The most important ADV-resistant HBV mutants have rtN236T and rtA181V/T [33]. Development of the HBV rtA181T/sW172* mutant could occur during prolonged LAM therapy, conferring cross resistance to ADV [34]. Previous studies have shown that the incidence of ADV resistance was high in LAM-resistant patients treated with ADV for a short term or without overlapping LAM [35, 36]. Thus, ADV overlapping with LAM therapy rather than ADV monotherapy is necessary to reduce the incidence of ADV resistance in patients with LAM resistance. Clinical isolates containing the rtA181T + rtN236T double mutant exhibited reduced susceptibility to TDF in genotypes B and C [37], which is also true for the HBV isolate studied here.

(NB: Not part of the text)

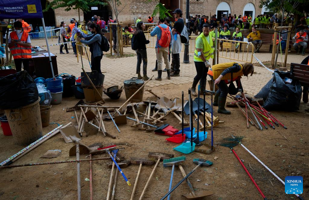 Volunteers distribute tools in Valencia, Spain, Nov. 3, 2024.

HBV has a small and compact genome of 3.2 kb, which made it difficult to develop HBV-based recombinant plasmids for liver targeting and therapy. In this regard, the 207nt deletion enhances rather than diminishing HBV genome replication, and virion secretion of this mutant could be rescued by trans-complementation through another plasmid. That has enabled insertion of foreign sequence into this deletion mutant for diagnostic or therapeutic purposes [38]. Based on c4, we previously generated another highly replicative HBV vector (named 5c3c) by expanding the deletion region to 308 bp for the cargo gene insertion. Recently, we showed 5c3c with an IL-21 gene insertion could secrete infective recombinant HBV virions when in trans provided with surface protein, which could be used for liver-targeting gene delivery [39]. In a summary, c4 clone provides a platform for recombinant vector construction.